Silly, tacky and clumsy: Matthew Warchus's Middle Earth spectacular makes an Orc's ear of Tolkien's classic

By Kate Bassett

H um along now, everyone. "Into the woods, it's time to go ... Into the woods, it's time and so, I must begin my journey." Thus Little Red Riding Hood chirrups in Stephen Sondheim's well-known song. And heading into the deep, dark forest proved impossible to resist this week, with two fairytale musicals materialising in the Big Smoke.

First, the Tolkien film trilogy, The Lord of the Rings, has morphed into a three-hour West End extravaganza with tunes. The Theatre Royal Drury Lane resembles a vast cavern of tangled branches, which is initially enthralling, but Matthew Warchus's production is an uneven mix of spectacular special effects and moments of utter rubbish.

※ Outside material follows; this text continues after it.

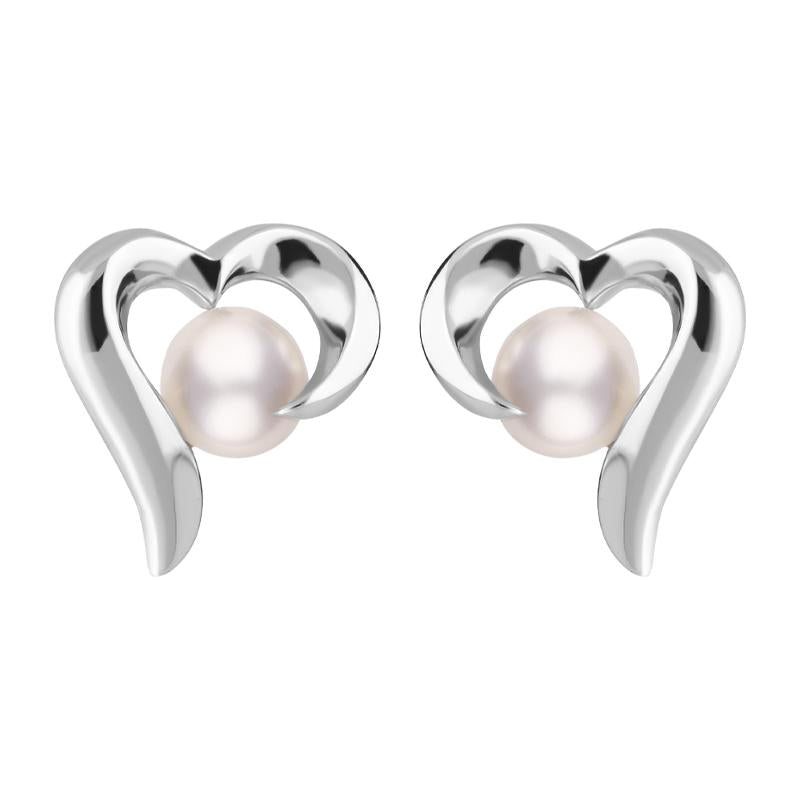 These romantic earrings have been handcrafted in a twisted heart design, subtly and delicately enfolding the lustrous white pearl in the centre of the setting. The sterling silver and grey plated sterling silver contrasts beautifully with the soft hues of the pearl and with matching items available, these earrings make the perfect gift for a loved one.

Obviously, James Loye's diminutive Frodo (an approximate Elijah Wood lookalike) and his Hobbit pals have much ground to cover on their mission to toss the damned One Ring into the flames of Mount Doom, saving Middle Earth from the Dark Lord, Sauron. Quite a few trudging miles are covered with a chorus line - presumably symbolising life's stumbling blocks - whirling around vaguely in hooded cowls, catching at the wee travellers' heels. This seems a peculiarly lame kick-off for Peter Darling's choreography. Watch out for the fantastically silly druidic disco routines.

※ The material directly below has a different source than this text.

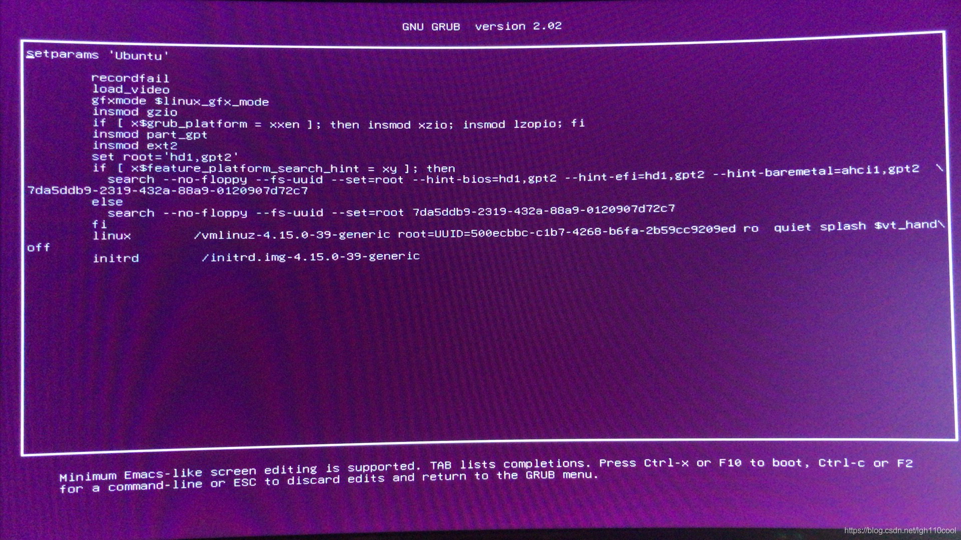 ,选择Ubuntu,然后按键盘上的e键,进入图

As for the set, there's a snazzy revolving fortress, but the Mines of Moria look like Ratners writ large, with one big stalactite fashioned from tacky metal chains. This inspires quite the wrong sense of wonder - ie, wondering if any old passing troll couldn't have cobbled together something better with the near-supernatural budget of £12.5m.

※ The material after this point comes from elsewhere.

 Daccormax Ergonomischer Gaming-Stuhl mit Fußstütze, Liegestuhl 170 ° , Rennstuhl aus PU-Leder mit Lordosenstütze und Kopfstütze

Several subplots are clumsily truncated, the cod-archaic dialogue is titter-inducing, and Andrew Jarvis's white-bearded Elrond confuses ceremonial dignity with patrolling around like a rusty robot, both arms out at stiff angles. The songs keep pointlessly halting the action as well.

Nonetheless, there are bewitching Celtic-going-on-Indian ululations from Laura Michelle Kelly's gilded Galadriel. This is thanks to the input of the folk band Värttinä and their fellow-composer A R Rahman. The acrobatic choreography gets swinging, with the Orcs bounding around like apes on sprung stilts. Peter Howe is lovably loyal as Frodo's sidekick, Sam, and Malcolm Storry's Gandalf sustains authoritative gentleness. The saga's significance also comes over clearly, warning that power corrupts and bringing out an ecological drive in the battle to save the tree-like Ents.

As for the breathtaking special effects, these include Hobbits melting into thin air and the morbid Black Riders rearing nightmarishly out of the shadows on towering skeletal steeds. Regardless of its flaws, this is almost bound to be a crowd-puller.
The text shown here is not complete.